Once the line with "In October, a" is found in the entries below, print it and each following line exactly, stopping after the line with "Department of MBA"; print nothing else.

▶ GIVEN INFORMATION
****
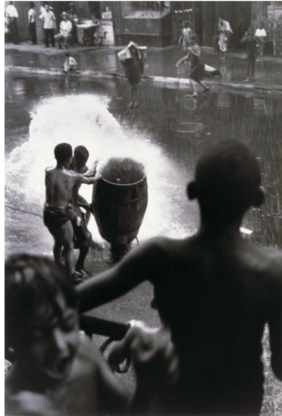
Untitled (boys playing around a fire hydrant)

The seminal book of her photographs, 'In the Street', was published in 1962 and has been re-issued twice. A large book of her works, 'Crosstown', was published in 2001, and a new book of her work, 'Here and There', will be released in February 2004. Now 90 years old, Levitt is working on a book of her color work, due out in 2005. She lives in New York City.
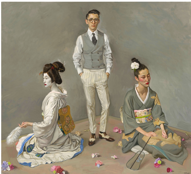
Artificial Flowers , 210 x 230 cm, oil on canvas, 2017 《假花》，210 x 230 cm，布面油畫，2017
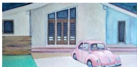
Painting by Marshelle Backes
****
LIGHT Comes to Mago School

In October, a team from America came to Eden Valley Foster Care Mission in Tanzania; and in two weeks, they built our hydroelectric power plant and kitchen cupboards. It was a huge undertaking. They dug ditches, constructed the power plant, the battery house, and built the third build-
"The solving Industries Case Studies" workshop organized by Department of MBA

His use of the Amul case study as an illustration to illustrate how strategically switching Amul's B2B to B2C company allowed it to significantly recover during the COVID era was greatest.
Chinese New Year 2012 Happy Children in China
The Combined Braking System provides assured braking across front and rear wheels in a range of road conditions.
****
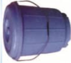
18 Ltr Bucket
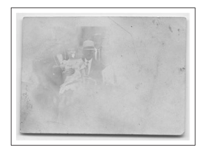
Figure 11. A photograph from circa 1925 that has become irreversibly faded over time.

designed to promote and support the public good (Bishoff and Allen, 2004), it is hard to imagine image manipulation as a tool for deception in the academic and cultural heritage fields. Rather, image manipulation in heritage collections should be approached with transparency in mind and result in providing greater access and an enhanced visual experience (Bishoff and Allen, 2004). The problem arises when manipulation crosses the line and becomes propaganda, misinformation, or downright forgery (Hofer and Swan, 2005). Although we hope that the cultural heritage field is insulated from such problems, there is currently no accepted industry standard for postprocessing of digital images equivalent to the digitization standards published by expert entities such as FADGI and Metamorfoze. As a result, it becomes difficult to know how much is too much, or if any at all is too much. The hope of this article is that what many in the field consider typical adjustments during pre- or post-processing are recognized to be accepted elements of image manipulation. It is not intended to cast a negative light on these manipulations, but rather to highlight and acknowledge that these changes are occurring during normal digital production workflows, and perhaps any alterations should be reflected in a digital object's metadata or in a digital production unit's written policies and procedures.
****
▶ RESPONSE BOX
In October, a team from America came to Eden Valley Foster Care Mission in Tanzania; and in two weeks, they built our hydroelectric power plant and kitchen cupboards. It was a huge undertaking. They dug ditches, constructed the power plant, the battery house, and built the third build-
"The solving Industries Case Studies" workshop organized by Department of MBA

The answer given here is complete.